In the penultimate chapter of The politics of suffering, Peter Sutton offers some examples of what he considers to be true reconciliation between Aboriginal and White Australians, sharing experiences and entering into the life worlds of each other. His examples are of anthropologists and key informants, ‘Unusual couples’, the title of that chapter.

In this paper I outline a long standing and ever growing project that has involved teams of Aboriginal people and White field workers – rangers, linguists, anthropologists and ecological and physical scientists – which, I argue, extends Sutton’s ‘Unusual couples’, demonstrating reconciliation and cooperative recognition on a much larger scale.

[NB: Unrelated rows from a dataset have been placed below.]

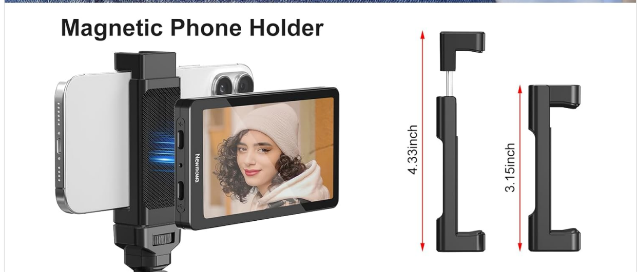
Image: Newmowa 5-inch Phone Vlog Selfie Monitor Screen showing wireless recording with a Bluetooth remote control.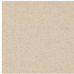
Mocha 6249 w/r 5212 NCS S 3005-Y20R LRV 43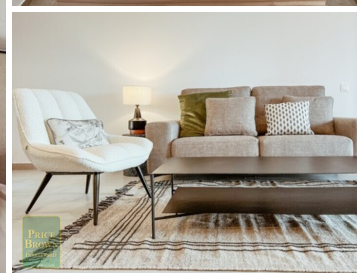
Desert Springs Sierra 347 - An apartment in the Cuevas del Almanzora area. (Newly Built)

Las Sierras III is a private residential development with a selection of NEW two and three-bedroom 'Key-Ready' Apartments set around a private swimming pool, complete with outdoor lounge space, within beautiful landscaped gardens, occupying an envious position on Desert Springs Resort.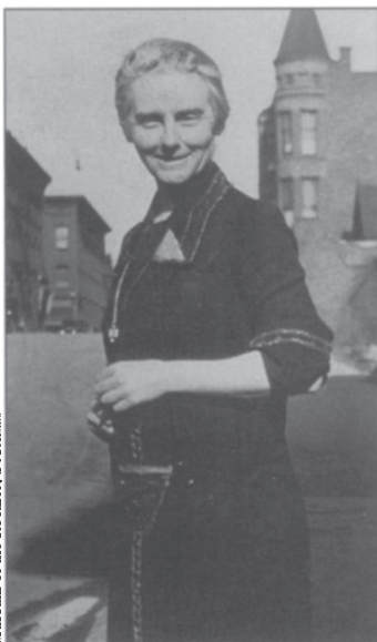
Museum of the Rockies, Bozeman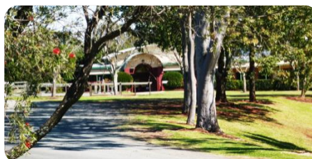
Car Park Area BEFORE Construction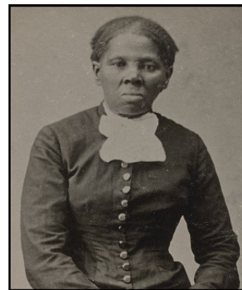
A former slave, Harriet Tubman was an abolitionist.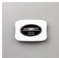
Tuxedo Black Memento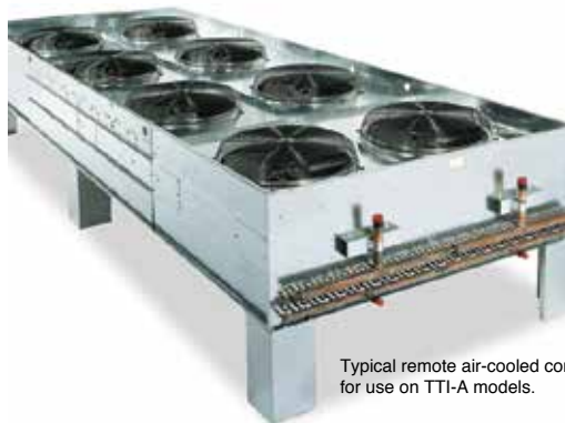
Typical remote air-cooled condenser for use on TTI-A models.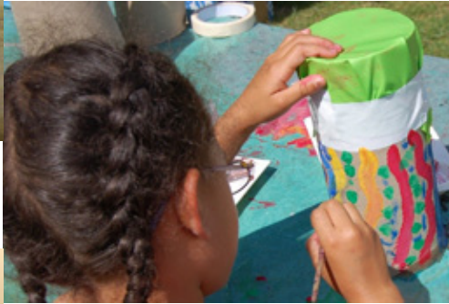
Drum making after a music workshop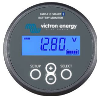
BMV-712 Smart Battery Monitor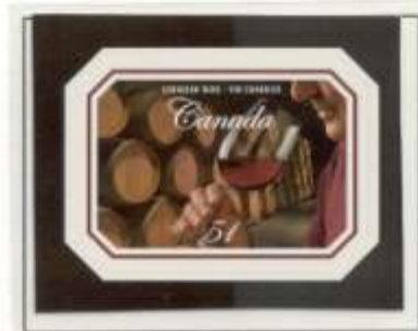
Mint Wine Stamps issued 2006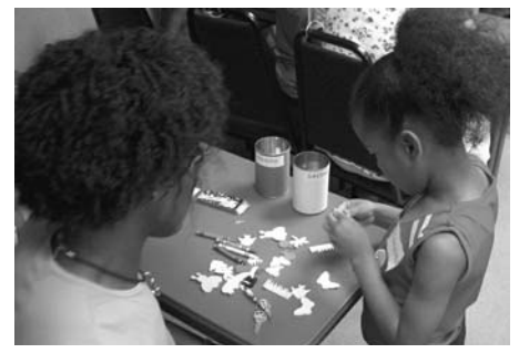
A mother watches as her daughter decorates her "spending" and "savings" cans.

Then the parents and children decorated cans and labeled them "Spending" and "Saving." The kids could take the banks home to help them use their money wisely.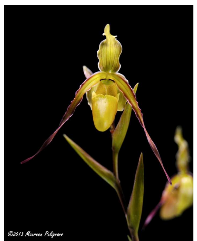
Phragmipedium longifolium var. gracile 'Bronze Elf'' AM/AOS 83 pts Carson Barnes

All award photographs are © Maureen Pulignano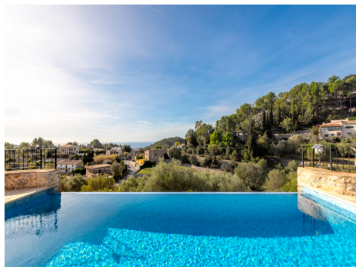
Charming infinity pool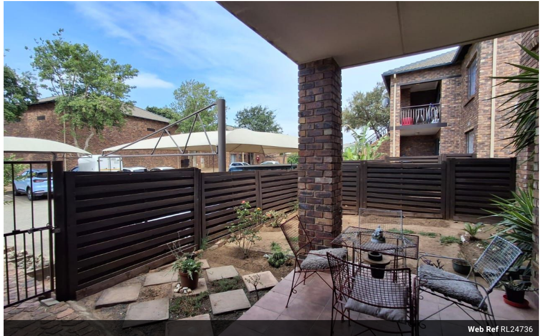
Web Ref RL24736

The theatre is Arnhemland, Western Arnhemland in particular, and the subject is how we Whitefellas have learnt from, and adapted, Aboriginal technologies without misappropriating them.

This cooperative venture has its origins in the early 1970s when, as a young forestry officer, I found Aboriginal resistance – hardly surprising we can say in retrospect – to the forestry program at Maningrida, initiated in the 1960s to bring wild Arnhemlanders into the modern world, to assimilate them into Australian society. The project, again not surprisingly, failed, for several reasons. Not the least of these was its explicit objective to suppress manwurrk and thus, supposedly, create vast fields of regeneration of native cypress pine.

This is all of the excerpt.